E, por último (para que esta homilia não vos canse!), há
também «o cansaço de nós próprios» (cf. Evangelii gaudium, 277). É
talvez o mais perigoso. Porque os outros dois derivam do facto de
estarmos expostos, de sairmos de nós mesmos para ungir e servir (somos
aqueles que cuidam). Diversamente, este cansaço é mais auto-referencial:
é a desilusão com nós mesmos, mas sem a encararmos de frente, com a
alegria serena de quem se descobre pecador e carecido de perdão; é que,
neste caso, a pessoa pede ajuda e segue em frente. Trata-se do cansaço
que resulta de «querer e não querer», de ter apostado tudo e depois
pôr-se a chorar pelos alhos e as cebolas do Egipto, de jogar com a
ilusão de sermos outra coisa qualquer. Gosto de lhe chamar o cansaço de
«fazer a corte ao mundanismo espiritual». E, quando uma pessoa fica
sozinha, dá-se conta de quantos sectores da vida foram impregnados por
este mundanismo e temos até a impressão de que não há banho que o possa
lavar. Aqui pode haver um cansaço mau. A palavra do Apocalipse
indica-nos a causa deste cansaço: «Tens constância, sofreste por causa
de Mim, sem te cansares. No entanto, tenho uma coisa contra ti:
abandonaste o teu primeiro amor» (2, 3-4). Só o amor dá repouso. Aquilo
que não se ama, cansa; e, com o passar do tempo, torna-se um cansaço
mau.
A imagem mais profunda e misteriosa do modo como o Senhor cuida do
nosso cansaço pastoral – «Ele que amara os seus (…), levou o seu amor
por eles até ao extremo» (Jo 13,1) – é a cena do lava-pés. Gosto de a
contemplar como o lava-seguimento. O Senhor purifica o próprio
seguimento, Ele «envolve-Se» connosco (Evangelii gaudium, 24), tem
pessoalmente o cuidado de lavar todas as manchas, aquela sujeira mundana
e gordurosa que se apegou a nós no caminho que percorremos em seu Nome.

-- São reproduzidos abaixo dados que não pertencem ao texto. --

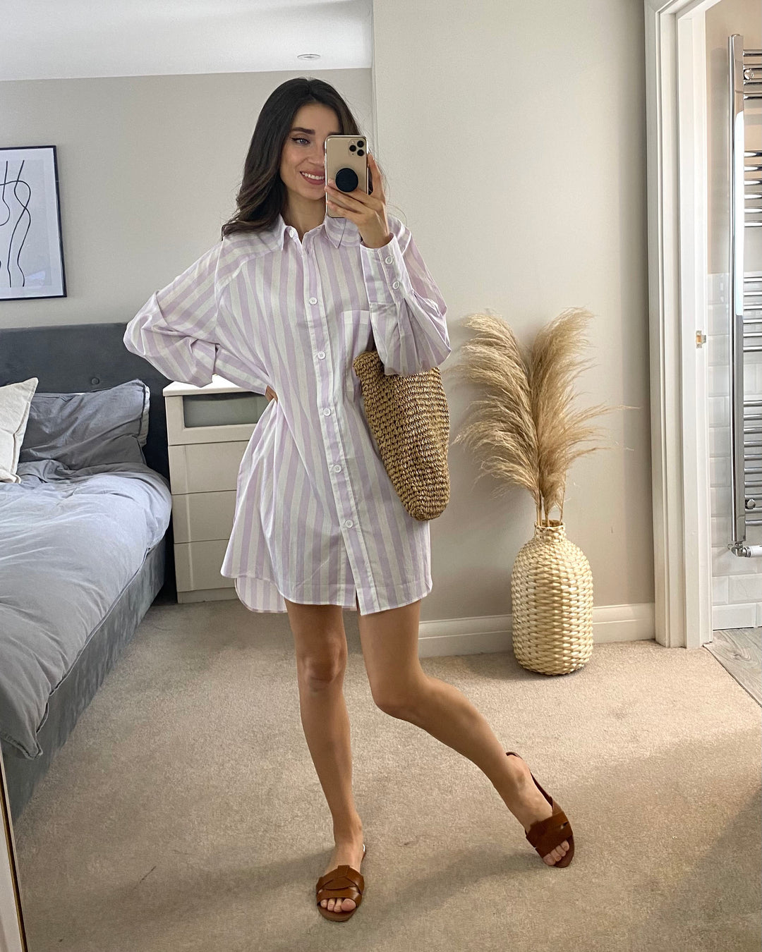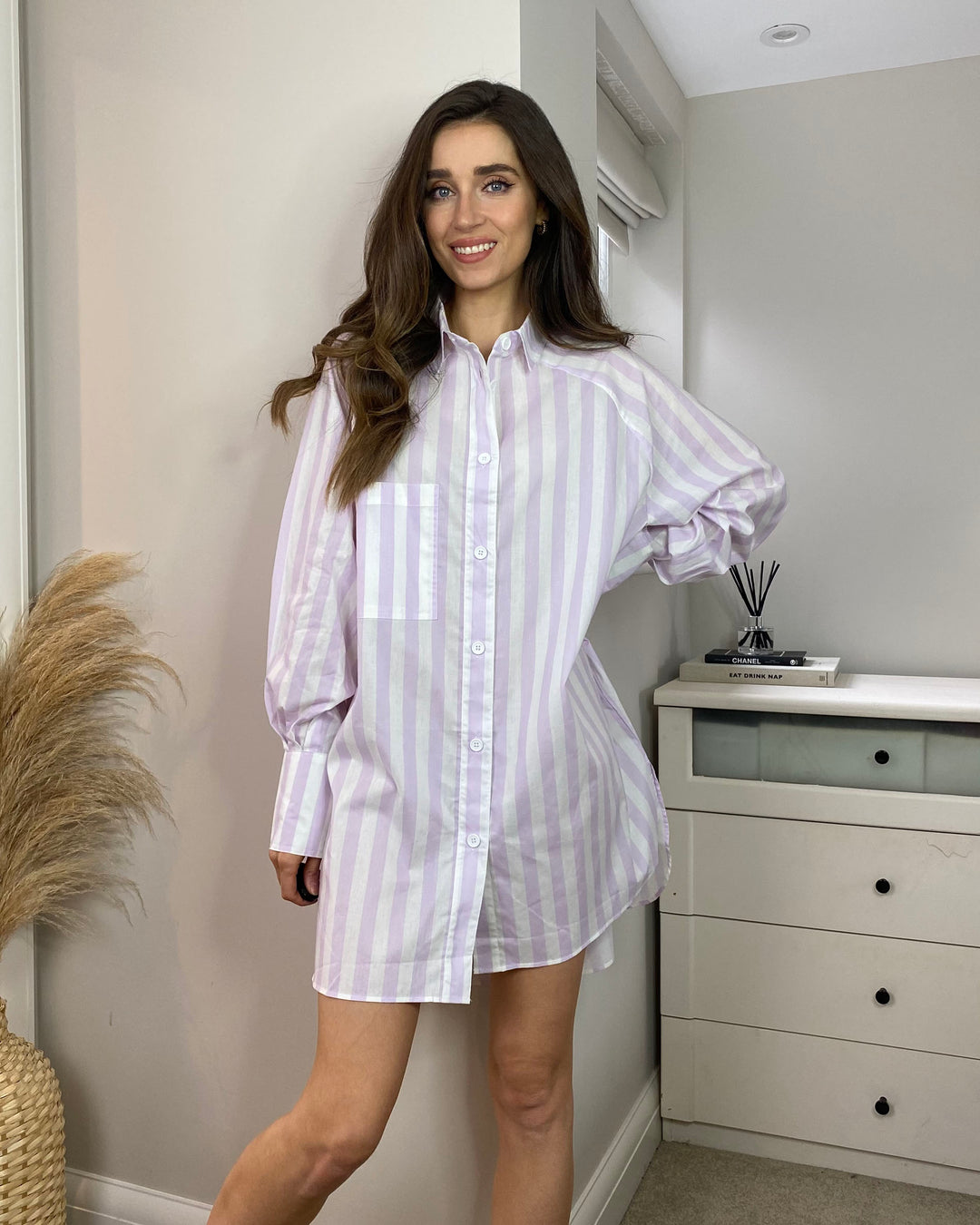 Elevate your wardrobe with this oversized button-down shirt dress with chest pocket detail. Features balloon sleeves, dipped and curved hem, and collard neckline. Perfect for work as well as weekends. Other colours available.

Sabemos que, nos pés, se pode ver como está todo o nosso corpo. No
modo de seguir o Senhor, manifesta-se como está o nosso coração. As
chagas dos pés, os entorses e o cansaço são sinal de como O seguimos,
das estradas que percorremos à procura das ovelhas perdidas, tentando
conduzir o rebanho aos prados verdejantes e às águas tranquilas (cf.
ibid., 270). O Senhor lava-nos e purifica-nos de tudo aquilo que se
acumulou nos nossos pés ao segui-Lo. Isto é sagrado. Não permitais que
fique manchado. Como Ele beija as feridas de guerra, assim lava a
sujeira do trabalho.
O seguimento de Jesus é lavado pelo próprio Senhor para que nos
sintamos no direito de ser e viver «alegres», «satisfeitos», «sem medo
nem culpa» e, assim, tenhamos a coragem de sair e ir, «a todas as
periferias até aos confins do mundo», levar esta Boa-Nova aos mais
abandonados, sabendo que «Ele estará sempre connosco até ao fim dos
tempos». E saibamos aprender a estar cansados, mas com um cansaço bom!